The grammar is constrained by design. Dazzle's DSL is deliberately
anti-Turing: no control flow, no function definitions, no procedural
shortcuts. The --anti-turing flag on dazzle lint enforces this mechanically.
A constrained grammar means fewer plausible-but-wrong edits. When an agent
cannot express an idea in the DSL, that is useful signal — not a failing of the
framework, but a prompt to consider whether the idea belongs in the spec at all
or whether a service block is the right vehicle.
Validation is fast and structured. dazzle validate runs in under a second
and returns structured errors keyed to the specific construct that failed — not
a stack trace from a runtime that had to boot first. An agent can iterate on DSL
edits in a tight loop: edit → validate → read error → edit again. No server
restarts, no migrations, no test fixtures required at this stage.

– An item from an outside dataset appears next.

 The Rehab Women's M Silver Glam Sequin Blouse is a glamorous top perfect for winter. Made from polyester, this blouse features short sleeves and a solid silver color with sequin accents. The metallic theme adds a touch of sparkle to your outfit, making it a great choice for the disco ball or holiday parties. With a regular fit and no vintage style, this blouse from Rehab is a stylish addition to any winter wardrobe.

Scope rules are statically verified. Row-level access control (scope:) is
compiled to a formal predicate algebra and validated against the FK graph at
dazzle validate time. An agent that writes an invalid scope rule (for example,
a field path that doesn't exist in the FK chain) gets a precise error before
anything runs. This makes access-control errors a class of problem the loop
catches early rather than discovering in production.
The ROADMAP describes the growth model that emerges from this design: agents build applications within the existing DSL vocabulary, encounter friction at the grammar boundary when they need something the DSL cannot yet express, and produce structured friction reports. That feedback loop is how the framework evolves without becoming a general-purpose language.
2. The Loop¶
The core workflow is a tight cycle between the developer's intent, the agent's DSL edits, and a deterministic validation + test gate before a human reviews and deploys.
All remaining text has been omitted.